Abe’s grandfather shown as ‘war criminal’

January 17, 2014 04:34 am | Updated November 16, 2021 08:54 pm IST - SHENYANG:

The "September 18 incident" museum in Shenyang, which was opened to journalists on Thursday. Photo: Ananth Krishnan

The "September 18 incident" museum in Shenyang, which was opened to journalists on Thursday. Photo: Ananth Krishnan

China on Thursday threw open to journalists for the first time a museum in this north-eastern city — where the Japanese occupation of China first began in 1931 — that showcases the atrocities committed by invading forces and also describes the grandfather of current Japanese Prime Minister Shinzo Abe – at the time a Japanese leader – as “a Class-A war criminal.”

The opening of the “September 18 Museum” to journalists came amid rising tensions – and an increasingly heated propaganda war – with Japan, triggered by competing claims over disputed East China Sea islands, and complicated by continuing disagreements over wartime history.

The museum takes its name from the date of the “Mukden Incident,” which marked the start of the occupation. It was in this cold north-eastern city, earlier known as Mukden, where Japanese troops, Chinese scholars say, staged an explosion of a Japanese railway line in 1931 as a pretext to launch a full-blown invasion. The Japanese occupation of China, which lasted until the end of the Second World War in 1945, remains an emotive issue in China today.

Chinese state media frequently highlight atrocities committed by invading troops, such as the “Rape of Nanking” that left, according to Chinese estimates, more than 300,000 people killed. The question of history has begun to occupy increasingly prominent attention in bilateral relations seventy years on.

China has accused Mr. Abe, a Conservative politician who took office in December 2012, of attempting to rewrite history and downplay atrocities. Mr. Abe recently angered both China and South Korea – which also faced Japanese occupation – by becoming the first Japanese leader in seven years to visit the Yasukuni Shrine, which honours Japan’s civilian war-dead but also enshrines 14 Class-A war criminals, including officials behind the Nanking massacre.

Although Mr.
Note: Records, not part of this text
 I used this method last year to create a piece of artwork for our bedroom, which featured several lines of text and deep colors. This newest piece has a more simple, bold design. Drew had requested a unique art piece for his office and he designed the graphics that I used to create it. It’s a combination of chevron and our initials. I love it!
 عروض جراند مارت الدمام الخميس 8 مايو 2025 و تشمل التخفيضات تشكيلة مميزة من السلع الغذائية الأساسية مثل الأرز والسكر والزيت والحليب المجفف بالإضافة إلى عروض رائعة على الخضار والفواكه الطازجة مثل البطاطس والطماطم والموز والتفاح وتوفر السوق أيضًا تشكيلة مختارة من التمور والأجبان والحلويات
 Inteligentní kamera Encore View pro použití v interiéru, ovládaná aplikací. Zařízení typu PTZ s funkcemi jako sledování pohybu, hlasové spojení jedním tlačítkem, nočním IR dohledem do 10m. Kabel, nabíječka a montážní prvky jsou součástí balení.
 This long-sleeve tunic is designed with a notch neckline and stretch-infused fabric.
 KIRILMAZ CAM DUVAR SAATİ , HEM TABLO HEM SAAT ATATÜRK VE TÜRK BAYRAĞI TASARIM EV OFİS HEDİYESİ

Abe expressed “severe remorse for the past” and pledged “never to wage a war again,” the visit brought condemnation from Beijing and Seoul. This contested history is on display in the sprawling campus of the museum, which declares as its mission “Taking history as lesson, anticipating peace and guarding against the rebirth of Japanese Imperial militarism.”

Somewhat controversially, its exhibits include a display of Mr. Abe’s grandfather, Nobusuke Kishi, who served for three years as a senior official in the Manchukuo puppet government installed in Shenyang following the invasion. Kishi was initially charged with war crimes but was subsequently cleared of the charges by a Tokyo tribunal. He later rejoined politics and went on to become Prime Minister in 1957.
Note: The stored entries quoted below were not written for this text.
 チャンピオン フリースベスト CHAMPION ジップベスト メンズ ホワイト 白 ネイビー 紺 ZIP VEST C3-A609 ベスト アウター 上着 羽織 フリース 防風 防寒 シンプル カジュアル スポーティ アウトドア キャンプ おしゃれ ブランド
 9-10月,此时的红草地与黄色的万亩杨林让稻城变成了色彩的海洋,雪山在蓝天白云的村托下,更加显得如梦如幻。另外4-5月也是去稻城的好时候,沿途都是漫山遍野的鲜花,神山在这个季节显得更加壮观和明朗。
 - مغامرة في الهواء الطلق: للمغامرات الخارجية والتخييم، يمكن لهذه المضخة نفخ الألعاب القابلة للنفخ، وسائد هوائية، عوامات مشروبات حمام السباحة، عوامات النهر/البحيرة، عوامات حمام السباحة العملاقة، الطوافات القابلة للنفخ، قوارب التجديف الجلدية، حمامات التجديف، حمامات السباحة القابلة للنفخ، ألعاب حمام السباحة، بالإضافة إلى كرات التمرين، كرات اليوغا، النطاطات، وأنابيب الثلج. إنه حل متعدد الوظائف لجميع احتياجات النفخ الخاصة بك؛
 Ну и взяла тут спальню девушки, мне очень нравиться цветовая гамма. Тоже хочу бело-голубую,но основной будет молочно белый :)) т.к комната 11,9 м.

The exhibit, however, says, “He is a first degree war criminal. He was once head of the industrial ministry of the Manchukuo government. He was later Japanese Prime Minister in 1957 and 1958.” A guide pointedly explained to visitors that the official was “the grandfather of the Japanese Prime Minister Abe.”
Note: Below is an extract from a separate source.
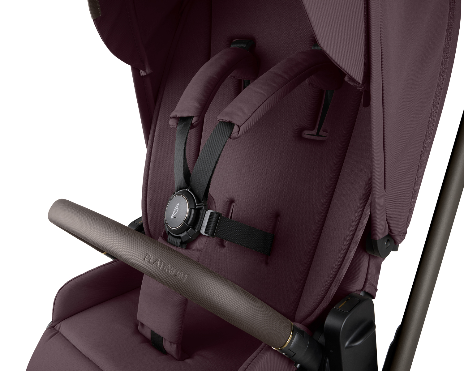 • Cinto de segurança de 5 pontos com fecho magnético, protetores de ombro e protetores de fivela inferiores;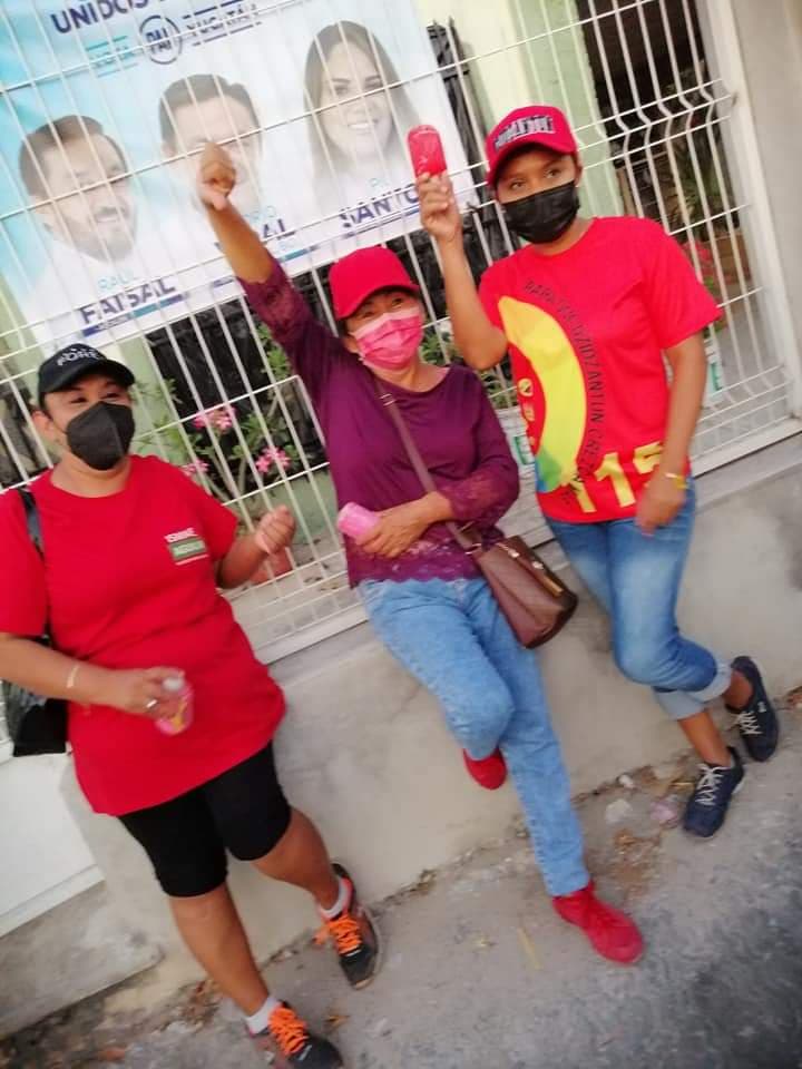 DZIDZANTÚN, Yucatán, jueves 29/04/21.- Simpatizantes del grupo de trabajo del alcalde Ismael Aguilar, ayer por la tarde se autoproclamaron ganadores y se mofaron frente una lona de Liborio Vidal, a quien el Tribunal Electoral del Poder Judicial de la Federación revocó su candidatura a diputado federal por el I Distrito de Valladolid.

The display reflects perceptions among many Chinese officials that Mr. Abe is a “revisionist” bent upon denying wartime history, and also rewriting Japan’s pacifist Constitution and reviving militarism – claims that Japan rejects. Tokyo has itself expressed anxiety over what it sees as a threat from China’s own massive military modernisation and assertiveness in disputes with several neighbours.

“I think we can see the influence of his grandfather in the Prime Minister’s own outlook,” said Wang Jianxue, a historian and scholar affiliated with the museum. “His grandfather spent three years here as a vice minister. Only if we learn this history,” he added, “can we appreciate today’s peace.”

Mr. Abe has written that he felt “strong repulsion” at suggestions that his grandfather was a war criminal suspect. “Because of that experience, I may have become emotionally attached to ‘conservatism,’ on the contrary,” he wrote in his book “Toward a Beautiful Country”, according to a report in the Japan Times .

The Chinese government is showcasing this war time history even as it ratchets up international pressure on Japan. The Shenyang museum was refurbished in 1997 and cost 100 million Yuan to build ($ 16 million), according to curator Jing Xiaoguang. He said it receives 8 million visitors a year, with school students accounting for around 60 per cent.

Exhibits display mass graves and include gruesome photographs, showing the severed heads of Chinese lining Shenyang’s streets and torture in camps.

“From that day on the Japanese invaders went on to commit numerous massacres of unparalleled savagery and committed innumerable criminal acts,” says one plaque. “The Chinese people suffered more than 5,000 days and nights of hatred and terror.”